Fig. 7. Resolving high-frequency transmission with ultrafast GEGI, iGl_u.

(a) The presynaptic neuron was driven to spike at 100 Hz (10 APs). After a pause of 0.5 s, one more AP was triggered to quantify recovery from depression. iGluSnFR signals (blue) or iGlu_u signals (green) were recorded at single Schaffer collateral boutons (only during the 100 Hz train) in stratum radiatum. Recordings were performed in 4 mM Ca²⁺ and 1 mM Mg²⁺ to ensure very high release probability. Note summation and saturation of iGluSnFR (but not iGlu_u) during the high-frequency train. (b) iGlu_u responses to the 1^st AP of the 100 Hz train, to the 9^th AP of the train, and to the recovery pulse.
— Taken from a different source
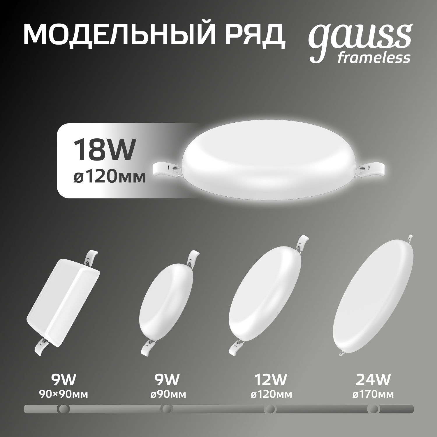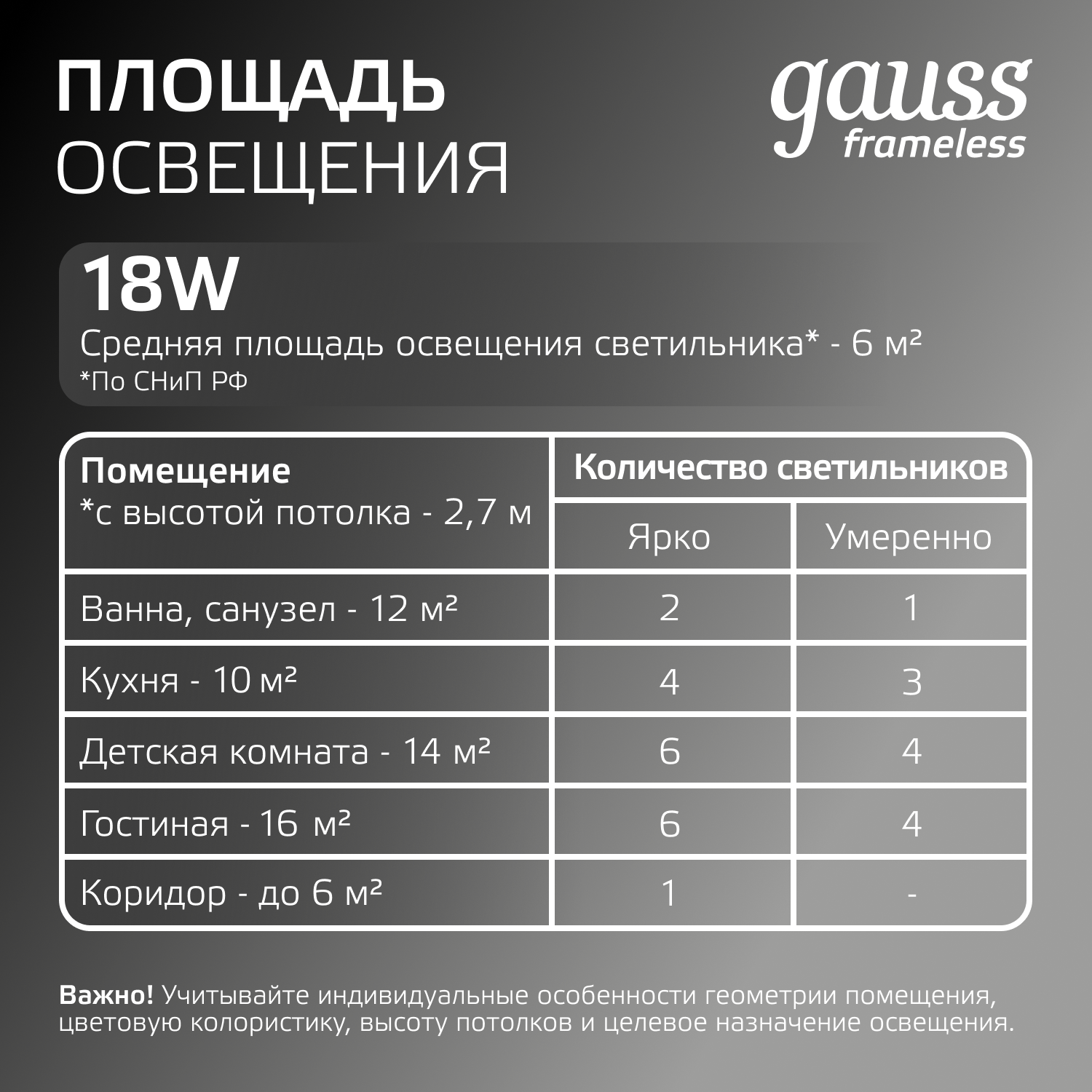 С помощью светильников Frameless от Gauss можно придать интерьеру неповторимый стиль и оригинальность. Потолочные светильники cерии Frameless могут заменить люстру, либо служить в качестве дополнительного источника освещения. Преимущества данной линейки: Монтаж возможен в любые встраиваемые потолочные поверхности, Широкий ассортимент мощностей, Правильное размещение светильников Frameless позволяет добиться равномерной освещенности всего пространства, оптимизировать расходы на электроэнергию и даже визуально увеличить объем помещения. Потолочные светильники Frameless прекрасно подойдут в качестве основного источника освещения в спальнях, прихожих и ванных комнатах.

To minimize bleaching, the bouton was only imaged (spiral scans) during pulses 1, 9 and 11. Note frequent failures in response to pulse 9. (c) Extracted single-trial amplitudes reveal strong depression and full recovery of this bouton. Failures of glutamate release can be seen in response to pulse 9. Note the large amplitude of initial responses compared to depressed responses. Plots were generated with violinplot.m (GitHub, ©Bastian Bechtold).